LD Prioritization analysis of genomic variants obtained for each of the communities: Using existing database for variant classifications, such as RegulomeDB [16], which classifies genomic variants based on already known properties, known as an eQTL, or having transcription factor binding site, DNase peak, etc., genomic variants grouped in each community can then be annotated for functionalities. Next, variants can be evaluated for LD amongst each other to reduce possible causative variants from those shortlisted in step one. Figure 9 below shows a simple LD association plot obtained by LDMatrix web-applicationt part of LDlink package [17].

variants

Figure 9: Classifying variants based on their LD associations.

Benchmarking

Igraph [18] and graph-tool’s [19] functionality and target use cases are similar to NetworKit, confirmed by authors of NetworKit. Packaged as Python modules, they provide a broad feature set for network analysis workflows and active user communities. They address scalability issues by implementing core data structures and algorithms in C or C++; graph-tool builds on Boost Graph Library and parallelizes some kernels using Open MP.

Gephi [20], a GUI application for Java platform with a strong focus on visual network exploration, is geared towards network science but differs in important aspects from NetworKit. Pajek [21], a proprietary GUI application for Windows operating systemoffers visualization features with analysis capabilities like NetworKit. Pajek XXL, a variant, uses less memory and focuses on large datasets.
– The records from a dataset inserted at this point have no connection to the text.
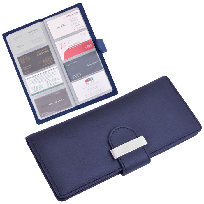 Визитница "New Style" на резинке (60 визиток), черный с голубым; 19,8х12х2 см; нейлон;
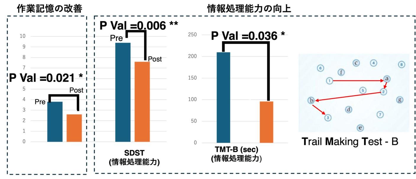基礎研究は秋田大学高齢者医療先端研究センターの大田秀隆教授らのチームと共同して行いました。MCIや軽度認知症の患者の方々への臨床研究では、音響用ウーファーから15-40Hz音を24時間、1ヶ月間連続再生することで暴露しました。その結果、作業記憶(Working Memory, WM)の向上や情報処理の能力の改善が確認されました(図1)。
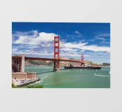 Una nave portacontainer passa sotto il Golden Gate Bridge in una luminosa giornata blu, mentre le barche a vela punteggiano il canale.
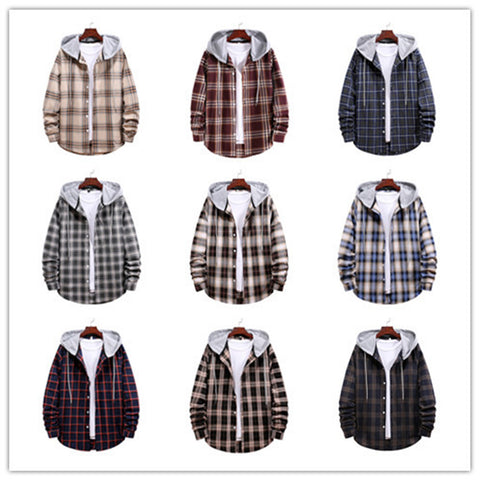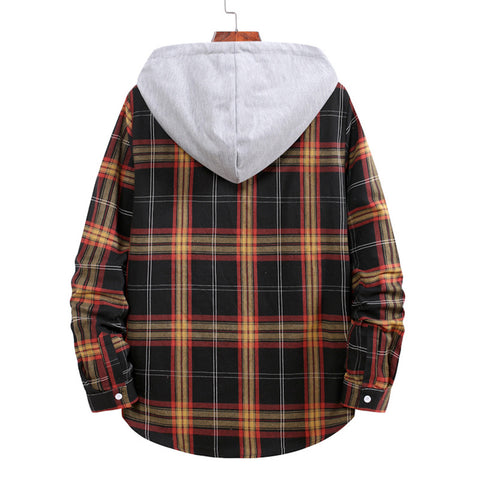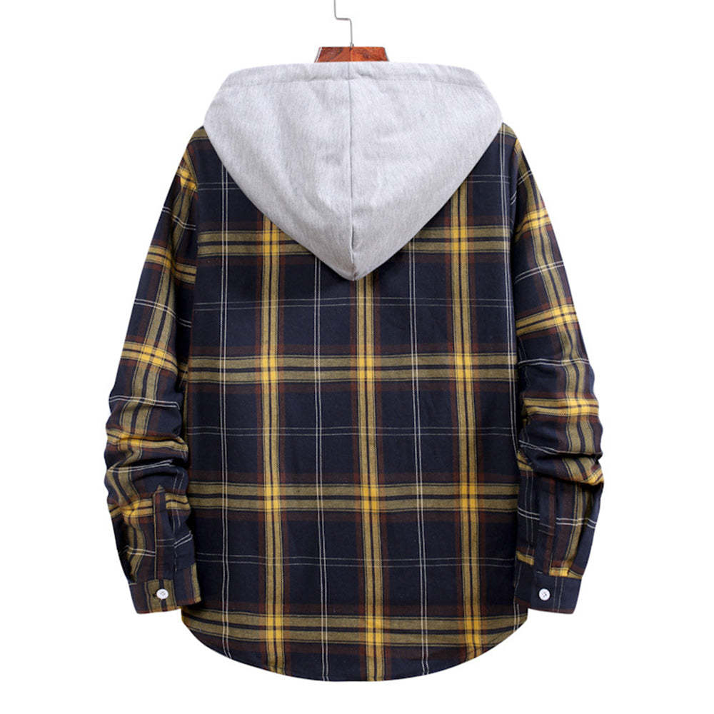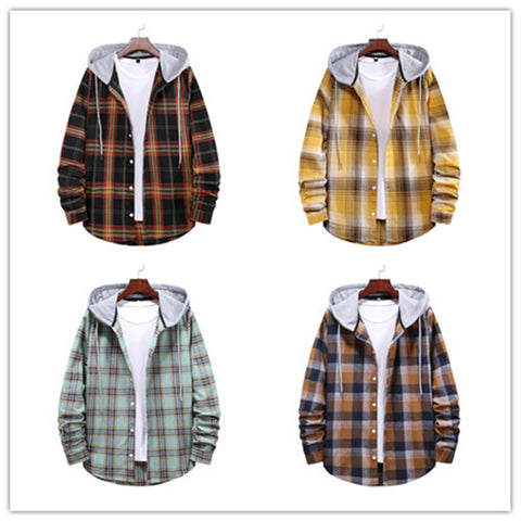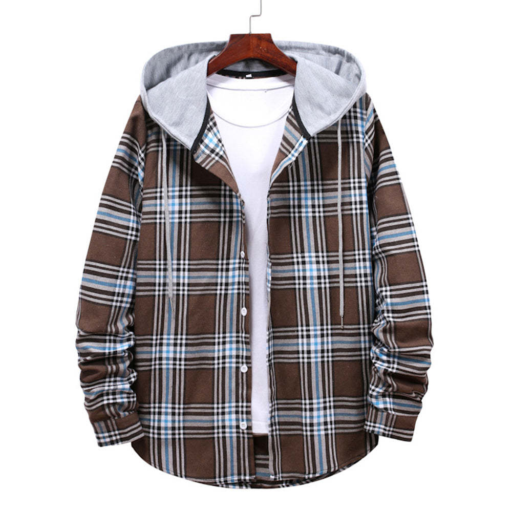 • Men's Plaid Hooded Long Sleeve Shirt Jacket
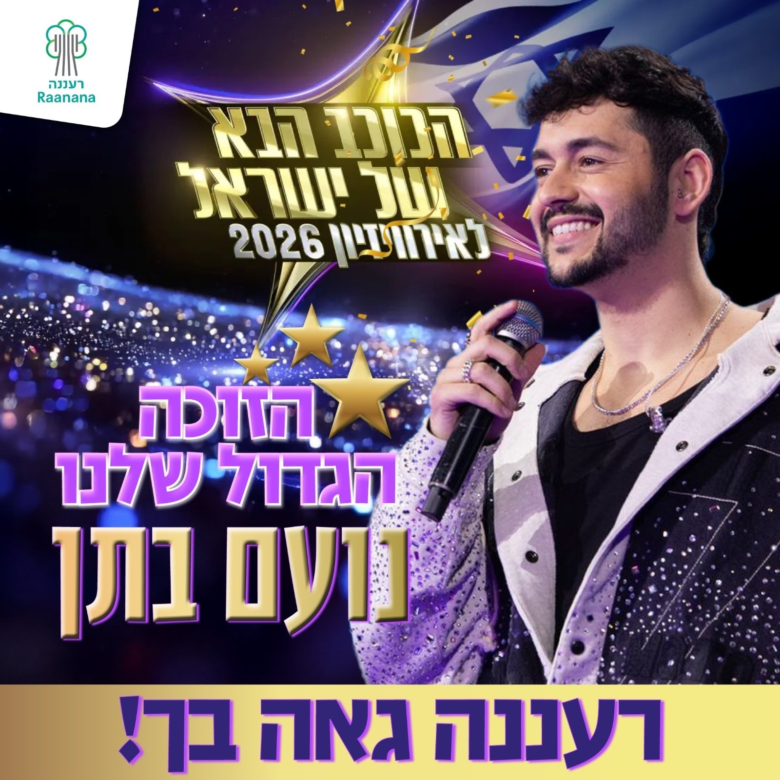 נועם בתן, יליד רעננה ותושב רמת השרון, נבחר אמש לייצג את ישראל באירוויזיון 2026 לאחר שזכה בגמר תכנית הטלוויזיה “הכוכב הבא לאירוויזיון”. בתן יעלה על הבמה הגדולה של תחרות הזמר הגדולה בעולם, שתתקיים השנה בווינה שבאוסטריה.
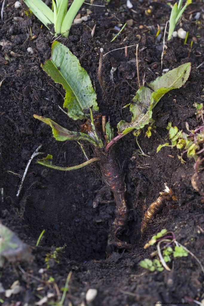 This is a very difficult weed to remove once borders are full because its roots run very deep, meaning that room around the plant is needed in order to dig down deep. Severing the root will result in the plant resprouting.
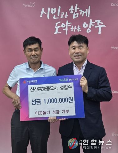 전국연합뉴스 박점규 기자 | 양주시 남면 신산흥농 종묘사가 지난 17일 남면 행정복지센터를 방문해 이웃돕기 성금 100만원을 전달했다.
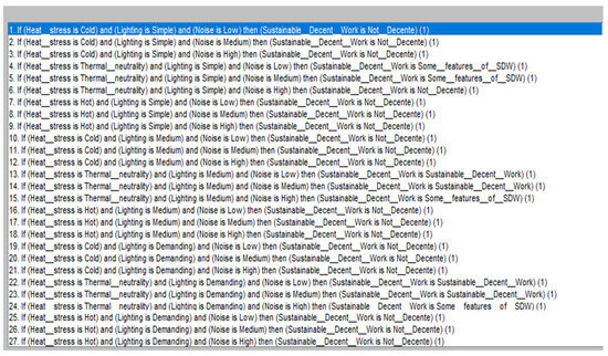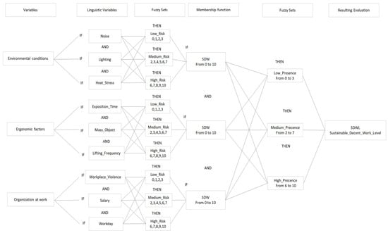 Therefore, 108 rules were determined, 27 for each variable, including the resulting evaluation, as is shown in Table 1. All combinations of the linguistic variables through the IF, AND, and THEN represent the inference stage to define the level of SDW for each work condition.
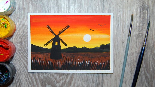Как нарисовать закат гуашью. Рисуем мельницу
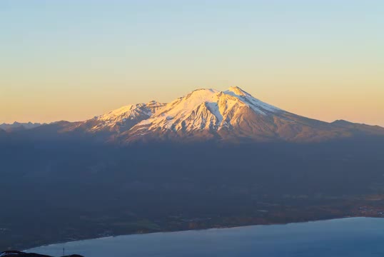 1035697 - Aerial view with drone with Lake Llanquihue and the Calbuco Volcano at sunset
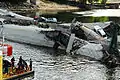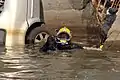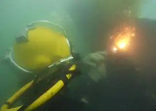 Salvage diving is the diving work associated with the recovery of all or part of ships, their cargoes, aircraft, and other vehicles and structures which have sunk or fallen into water. In the case of ships it may also refer to repair work done to make an abandoned or distressed but still floating vessel more suitable for towing or propulsion under its own power.[1][2][3] The recreational/technical activity known as wreck diving is generally not considered salvage work, though some recovery of artifacts may be done by recreational divers.
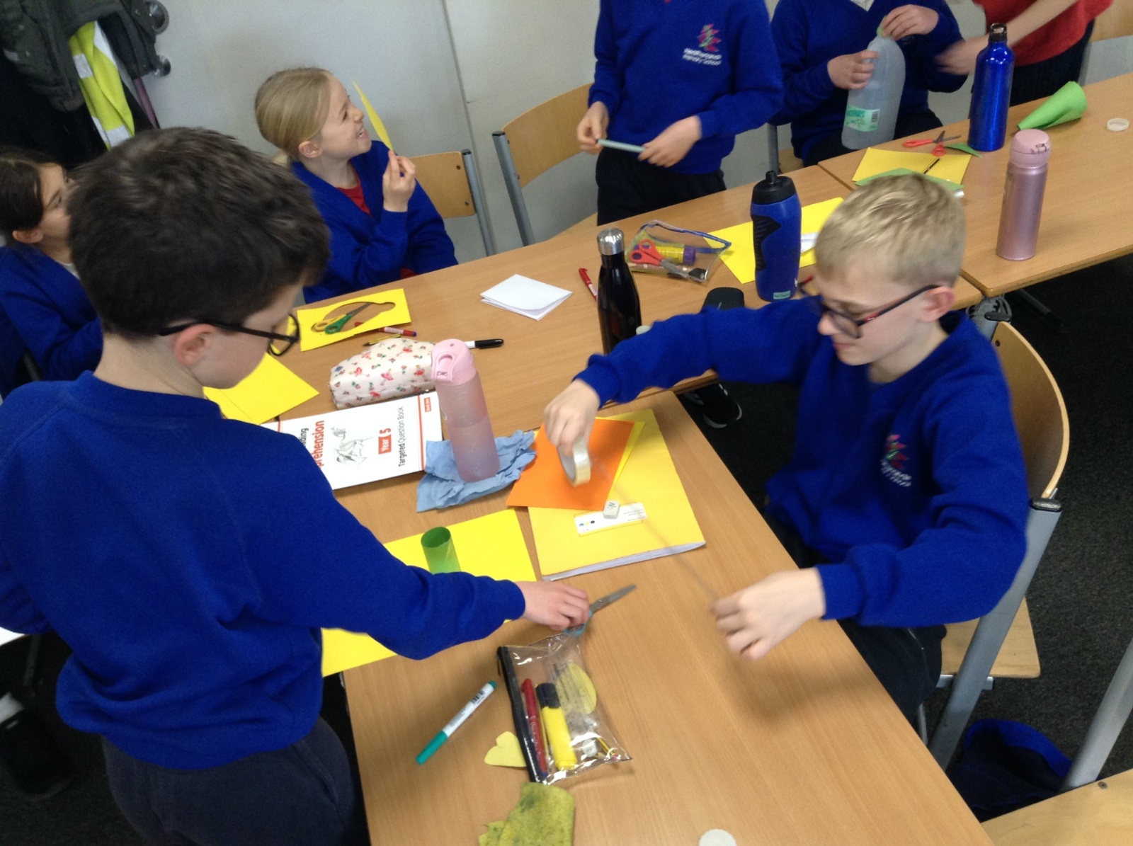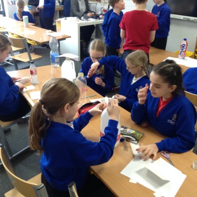 Year 5 explored the effects of air resistance and discovered how streamlined objects experience less drag. Children were given a selection of materials and asked to develop their own key investigation questions, such as “Does the size affect how high it flies?” or “Does the material affect how high it flies?”

SNAP [22] net-work analysis package has recently adopted the hybrid approach of C++ core and Python interface.

Related efforts from algorithm engineering community are KDT [23] (algebraic built, distributed parallel backend), GraphCT [24] (focused on massive multithreading architectures like Cray XMT), STINGER (a dynamic graph data structure with some analysis capabilities) [25] and Ligra [26] (a recent shared memory parallel library). These offer high performance through native, parallel implementations of certain kernels. For NetworKit to characterize a complex network, it would need a substantial set of analytics, which frameworks currently do not provide. These tools can be further studied for their usability in current regulatory genomic network perspective if efficiency was improved. NetworKit module was preferred in the creation of Graph Break as it already offers parallel implementations of various community detection algorithms and based on its benchmark performance analysis with closest alternative tools, such as igraph and graph tool.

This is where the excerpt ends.